Gao Mu, Lund-Andersen Peik, Morehead Alex, Mahmud Sajid, Chen Chen, Chen Xiao, Giri Nabin, Roy Raj S, Quadir Farhan, Effler T Chad, Prout Ryan, Abraham Subil, Elwasif Wael, Haas N Quentin, Skolnick Jeffrey, Cheng Jianlin, Sedova Ada
Georgia Institute of Technology, Atlanta, GA.
University of Idaho, Moscow, ID.
Workshop Mach Learn HPC Environ. 2021 Nov;2021:46-57. doi: 10.1109/mlhpc54614.2021.00010. Epub 2021 Dec 27.

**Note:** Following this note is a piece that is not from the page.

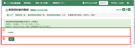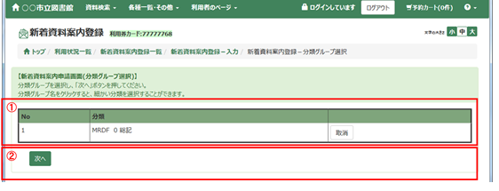 分類グループを選択すると、分類表画面へ遷移します。分類表画面で分類番号を指定すると、分類番号選択後画面に切り替わります。

Computational biology is one of many scientific disciplines ripe for innovation and acceleration with the advent of high-performance computing (HPC). In recent years, the field of machine learning has also seen significant benefits from adopting HPC practices. In this work, we present a novel HPC pipeline that incorporates various machine-learning approaches for structure-based functional annotation of proteins on the scale of whole genomes. Our pipeline makes extensive use of deep learning and provides computational insights into best practices for training advanced deep-learning models for high-throughput data such as proteomics data. We showcase methodologies our pipeline currently supports and detail future tasks for our pipeline to envelop, including large-scale sequence comparison using SAdLSA and prediction of protein tertiary structures using AlphaFold2.
随着高性能计算(HPC)的出现,计算生物学是众多亟待创新和加速发展的科学学科之一。近年来,机器学习领域也从采用HPC实践中受益匪浅。在这项工作中,我们提出了一种新颖的HPC流程,该流程整合了各种机器学习方法,用于在全基因组规模上对蛋白质进行基于结构的功能注释。我们的流程广泛使用深度学习,并为训练针对蛋白质组学数据等高通量数据的先进深度学习模型的最佳实践提供计算见解。我们展示了我们的流程目前支持的方法,并详细说明了我们的流程未来需要涵盖的任务,包括使用SAdLSA进行大规模序列比较以及使用AlphaFold2预测蛋白质三级结构。